EXERCISE BRIEF: For this exercise, reproduce the records exactly as they stand and do not carry any images over.
ENTRIES PROVIDED below:
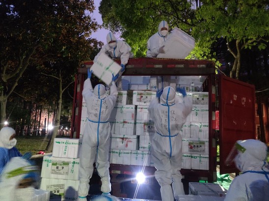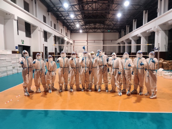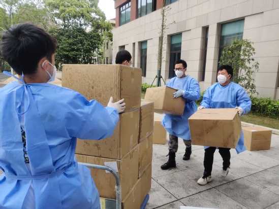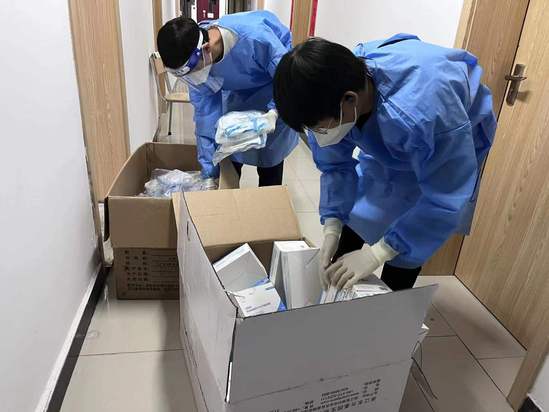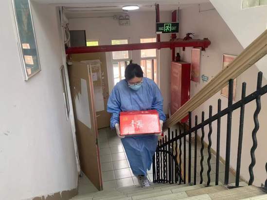 物资搬运小分队搬运分发防疫物资 “臂膀厚实了,也更有力量了” 协助“大白”完成核酸检测工作、搬运餐食、对物资进行消杀和分发、协助辅导员统计每日抗原情况……这些都是复兴路校区第四宿舍党员志愿者陆诗雯最近的日常。其中,送餐和送物资是个“体力活”,全靠陆诗雯和其他志愿者徒手搬运,刚开始她甚至扭伤过腰,慢慢就摸索出了“窍门”,将水果和饮料等进行二次分装,上下楼多跑几趟。
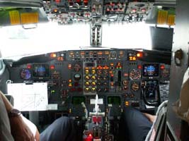 機材はB737。乗り込むとコクピットが見えたので、
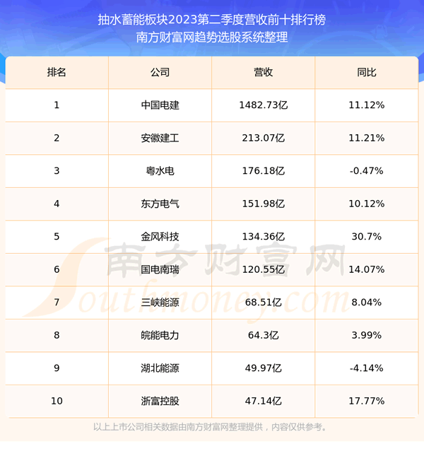 按照趋势选股系统统计,该股所属板块为抽水蓄能板块,该板块共有32只股票,南网储能2023第二季度营收在该板块中排名为第21名,该板块2023第二季度营收排名前十的股票如下表:
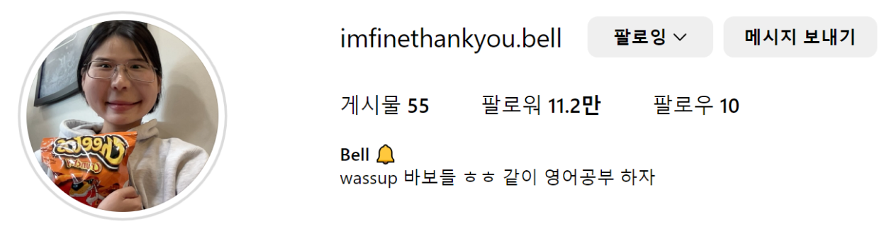 ✔️ 영어 콘텐츠 포화시대에서 본인만의 차별화 포인트를 살린 영어 공부 릴스로 '아임파인땡큐벨'이 떡상하고 있어요.
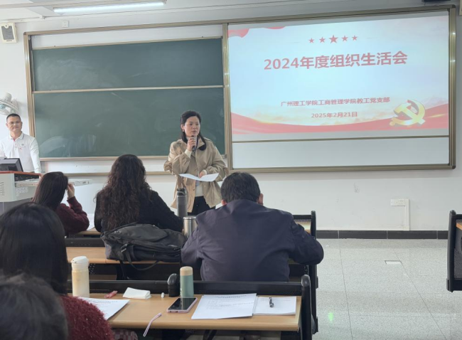 会议伊始,党支部书记梁金如代表支委会作年度工作报告,细致而全面地回顾了2024年支部在思想建设、组织建设、作风建设等方面取得的丰硕成果。2024年期间,本支部开展3次专题党课,多次组织师生赴深圳开展主题党日活动并获《凤凰新闻》《羊城晚报》等主流媒体报道,成功获评“广东省第五批新时代高公司党建工作样板支部”创建单位。而针对2025年工作规划,梁金如书记重点部署了样板支部创建工程,涵盖党建文化长廊建设、红色教育基地共建、先进典型宣传等系列举措。
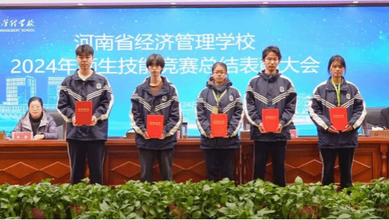 会上,副校长吴超宣读了《河南省经济管理学校关于对在省级以上竞赛活动中取得优异成绩的师生进行表彰的决定》,与会领导为获奖师生代表颁发了荣誉证书。2024年世界职业院校技能大赛争夺赛金奖获得者高恒同学、优秀指导教师代表陈南老师、参赛教师代表杨安然老师依次作竞赛经验分享。
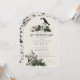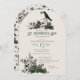 Den här elegant gothic St. Patrick's Day firande-inbjudan innehåller handritade irländska och gotiska temaillustrationer i svart bläck, med två döskallar och en svart kråka med grönt ro, löv, bär, vilda blommor och grönt klöver. Baksidan har ett vackert mönster med inslag. Elegantens mjuka grönt.
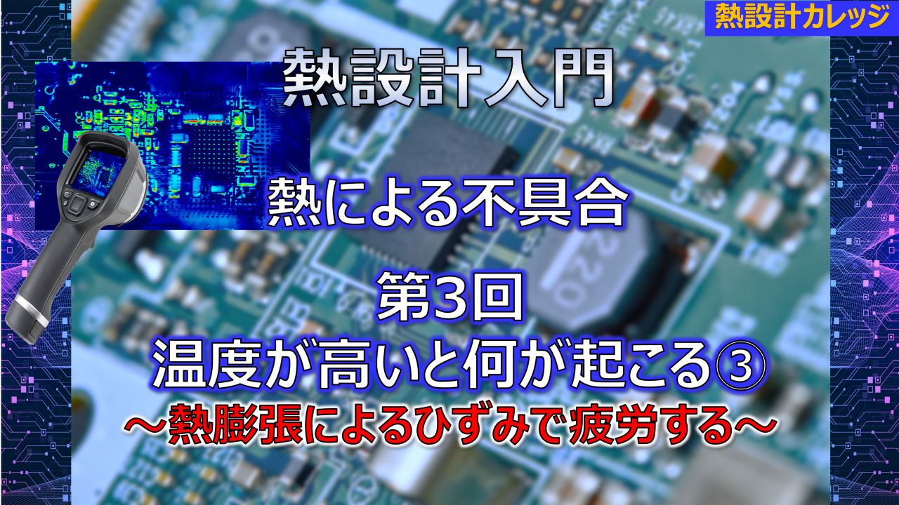 熱による不具合の中でも特に多い不具合が熱膨張差による機械的なひずみでの熱疲労です。 繰り返しのひずみによりクラックが入り、そこから破壊に至るなど、さまざまな問題を引き起こします。 本動画ではひずみによる熱疲労の説明及びその評価試験について解説します。
End of ENTRIES PROVIDED.
TASK RESPONSE:
 物资搬运小分队搬运分发防疫物资 “臂膀厚实了,也更有力量了” 协助“大白”完成核酸检测工作、搬运餐食、对物资进行消杀和分发、协助辅导员统计每日抗原情况……这些都是复兴路校区第四宿舍党员志愿者陆诗雯最近的日常。其中,送餐和送物资是个“体力活”,全靠陆诗雯和其他志愿者徒手搬运,刚开始她甚至扭伤过腰,慢慢就摸索出了“窍门”,将水果和饮料等进行二次分装,上下楼多跑几趟。
 機材はB737。乗り込むとコクピットが見えたので、
 按照趋势选股系统统计,该股所属板块为抽水蓄能板块,该板块共有32只股票,南网储能2023第二季度营收在该板块中排名为第21名,该板块2023第二季度营收排名前十的股票如下表:
 ✔️ 영어 콘텐츠 포화시대에서 본인만의 차별화 포인트를 살린 영어 공부 릴스로 '아임파인땡큐벨'이 떡상하고 있어요.
 会议伊始,党支部书记梁金如代表支委会作年度工作报告,细致而全面地回顾了2024年支部在思想建设、组织建设、作风建设等方面取得的丰硕成果。2024年期间,本支部开展3次专题党课,多次组织师生赴深圳开展主题党日活动并获《凤凰新闻》《羊城晚报》等主流媒体报道,成功获评“广东省第五批新时代高公司党建工作样板支部”创建单位。而针对2025年工作规划,梁金如书记重点部署了样板支部创建工程,涵盖党建文化长廊建设、红色教育基地共建、先进典型宣传等系列举措。
 会上,副校长吴超宣读了《河南省经济管理学校关于对在省级以上竞赛活动中取得优异成绩的师生进行表彰的决定》,与会领导为获奖师生代表颁发了荣誉证书。2024年世界职业院校技能大赛争夺赛金奖获得者高恒同学、优秀指导教师代表陈南老师、参赛教师代表杨安然老师依次作竞赛经验分享。
 Den här elegant gothic St. Patrick's Day firande-inbjudan innehåller handritade irländska och gotiska temaillustrationer i svart bläck, med två döskallar och en svart kråka med grönt ro, löv, bär, vilda blommor och grönt klöver. Baksidan har ett vackert mönster med inslag. Elegantens mjuka grönt.
 熱による不具合の中でも特に多い不具合が熱膨張差による機械的なひずみでの熱疲労です。 繰り返しのひずみによりクラックが入り、そこから破壊に至るなど、さまざまな問題を引き起こします。 本動画ではひずみによる熱疲労の説明及びその評価試験について解説します。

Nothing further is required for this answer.